# Assigned task
Make an exact transcript of the lines in the data below, starting with the one containing "- The combined" and going on through the one containing "興聯益作為一家專注MIM(粉", with both included and the pictures left out.

Stored dataset items:
───

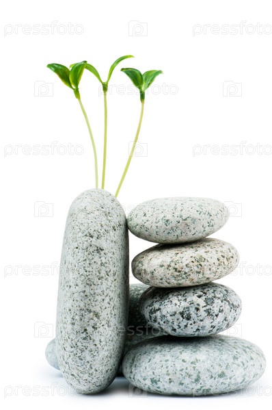 Зеленые ростки на гальке
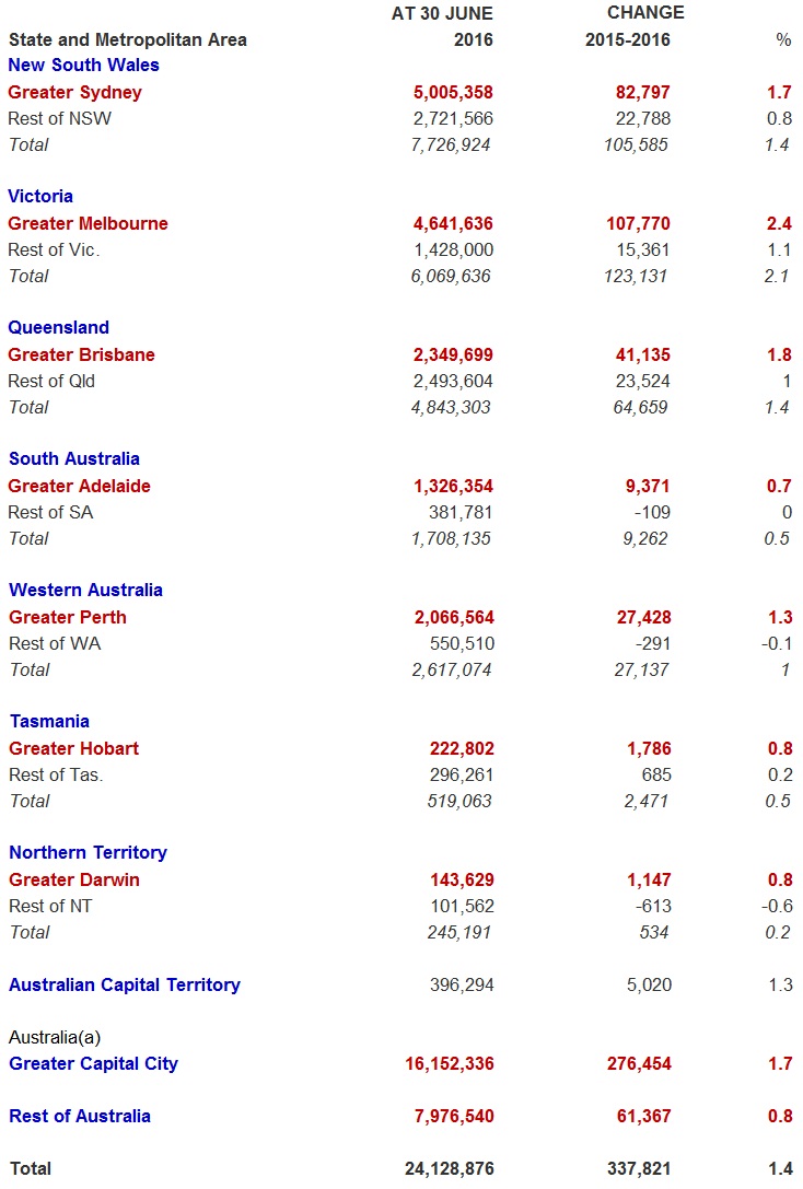 - The combined population of Greater Capital Cities increased by 276,500 people (1.7%) between 30 June 2015 and 30 June 2016, accounting for 82% of the country’s total population growth.
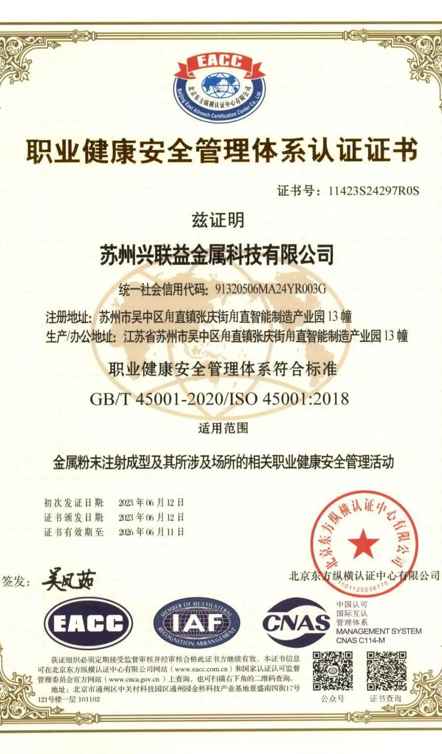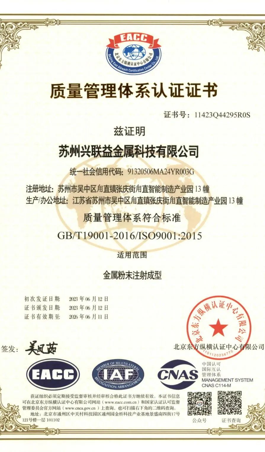 興聯益作為一家專注MIM(粉末冶金)制品研發與制造的生產型科技企業。截止目前,企業已建立了現代化產品生產基地、引入了國內先進的生產設備:密煉機、注射成型機、脫脂爐、燒結爐、整形機、CNC、研磨加工、清洗線等MIM全制程配套以及輔助設施,打造滿足客戶需求的精益化制造體系。公司先后通過了ISO9001:2015版質量管理體系認證、ISO14001:2015版環境管理體系認證、ISO45001:2018版職業健康安全管理體系認證,以及IATF16949汽車質量管理體系認證。
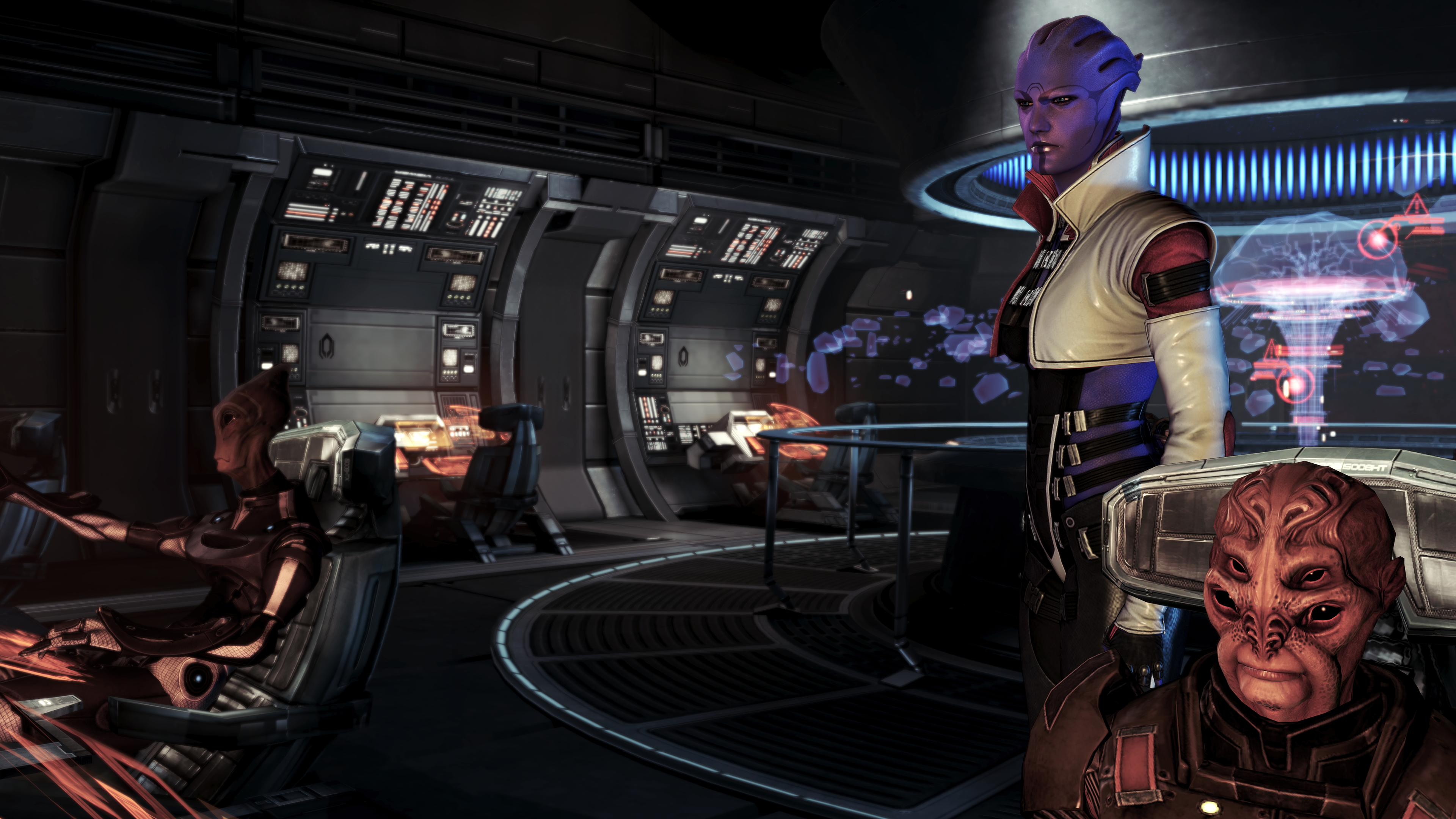 Ready to begin her campaign to retake Omega from Cerberus, Aria enlists Commander Shepard to spearhead the ground attack on the station. She meets Shepard not in the Purgatory Bar but in Docking Bay 42, needing discretion as she explains to the Commander. She has already amassed an assortment of ships to directly attack the Cerberus blockade and punch through to Omega's surface.
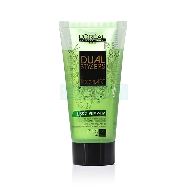 L’OREAL Professionnel Dual Stylers Liss & Pump-up to profesjonalny żelowy krem do włosów cienkich, który skutecznie wygładza pasma oraz nadaje im pożądanej objętości. Innowacyjność kosmetyku polega na połączeniu delikatnej konsystencji kremu z lekką formułą żelu, które gwarantują uzyskanie zaskakujących efektów.
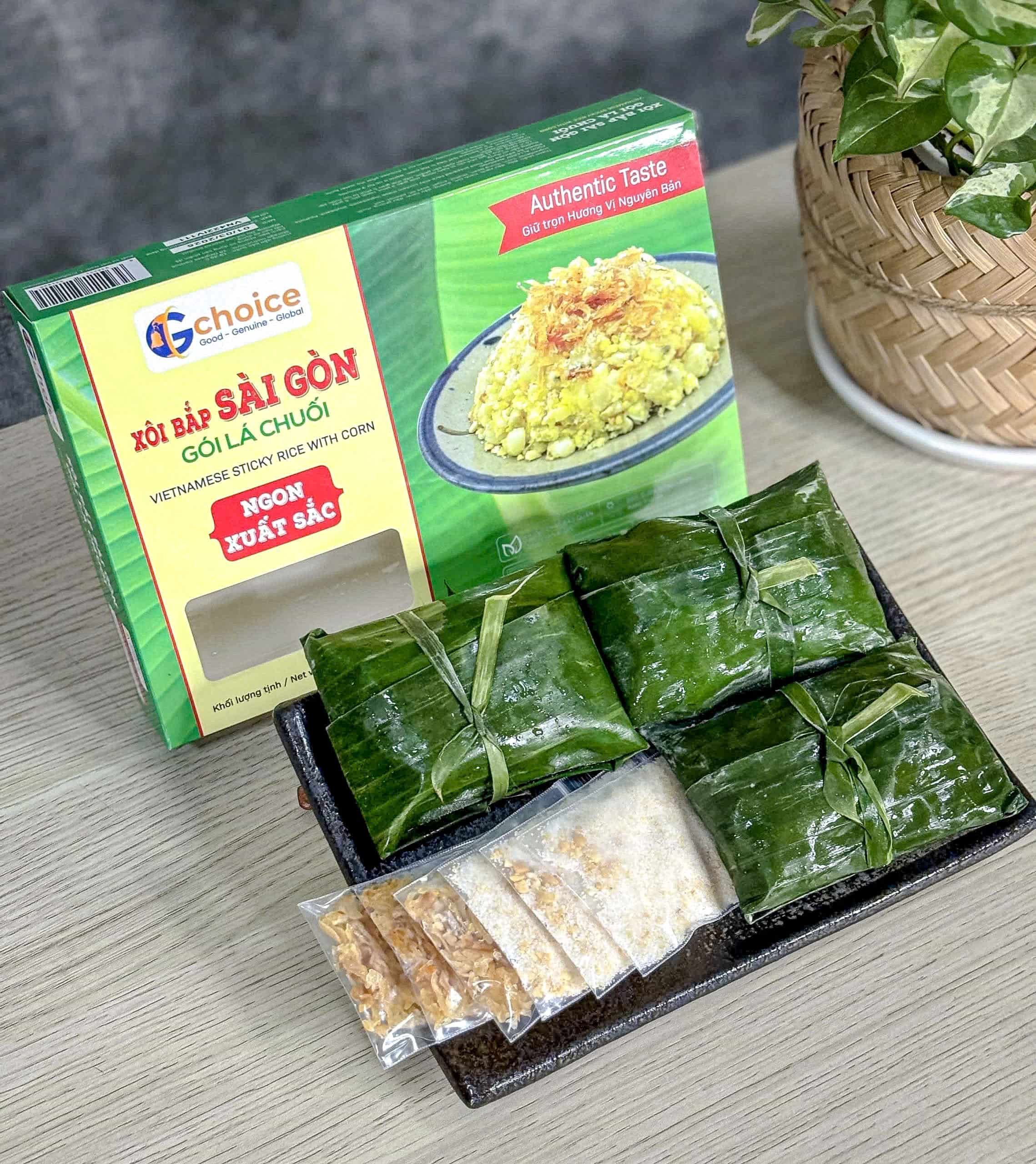 VIETNAMESE STICKY CORN WITH MUNG BEANS WRAPPED IN BANANA LEAF 450G
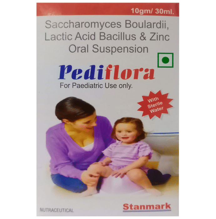 Pediflora Oral Suspension is an oral suspension for kids that provide relief from digestive ailments. It helps strengthen the digestive system. | Key Ingredients: Saccharomyces boulardii Lactic acid bacillus Zinc | Key Benefits: Saccharomyces boulardii helps treat and prevent diarrhoea Lactic acid bacillus helps in restoring good bacteria in the gut Zinc helps in the production of digestive enzymes | Directions For Use: Use as directed on the label | Safety Information: Read the label carefully before use Store in a cool and dry place, away from sunlight Keep out of reach of children
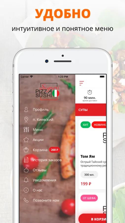 - Отслеживайте статус и время заказа!
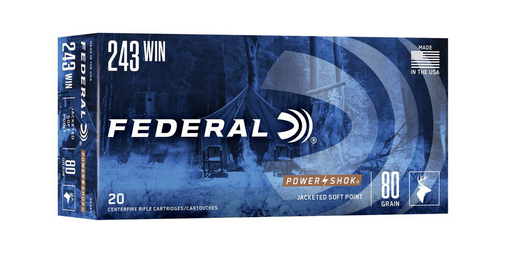 Federal Power Shok Ammo 243 Win Jacketed SP 80gr 20/Box
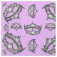 Tissu Queen Hearts Silver Crown Tiara motif rose lilas
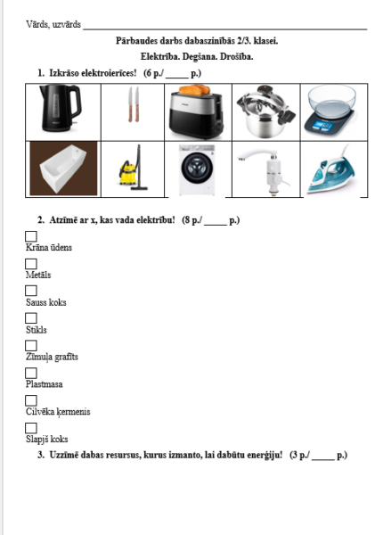 PIEDĀVĀJU PĀRBAUDES DARBU DABASZINĪBĀS 2/3.KLASEI – ELEKTRĪBA. DEGŠANA. DROŠĪBA.

───

# Reply to the task
 - The combined population of Greater Capital Cities increased by 276,500 people (1.7%) between 30 June 2015 and 30 June 2016, accounting for 82% of the country’s total population growth.
 興聯益作為一家專注MIM(粉末冶金)制品研發與制造的生產型科技企業。截止目前,企業已建立了現代化產品生產基地、引入了國內先進的生產設備:密煉機、注射成型機、脫脂爐、燒結爐、整形機、CNC、研磨加工、清洗線等MIM全制程配套以及輔助設施,打造滿足客戶需求的精益化制造體系。公司先后通過了ISO9001:2015版質量管理體系認證、ISO14001:2015版環境管理體系認證、ISO45001:2018版職業健康安全管理體系認證,以及IATF16949汽車質量管理體系認證。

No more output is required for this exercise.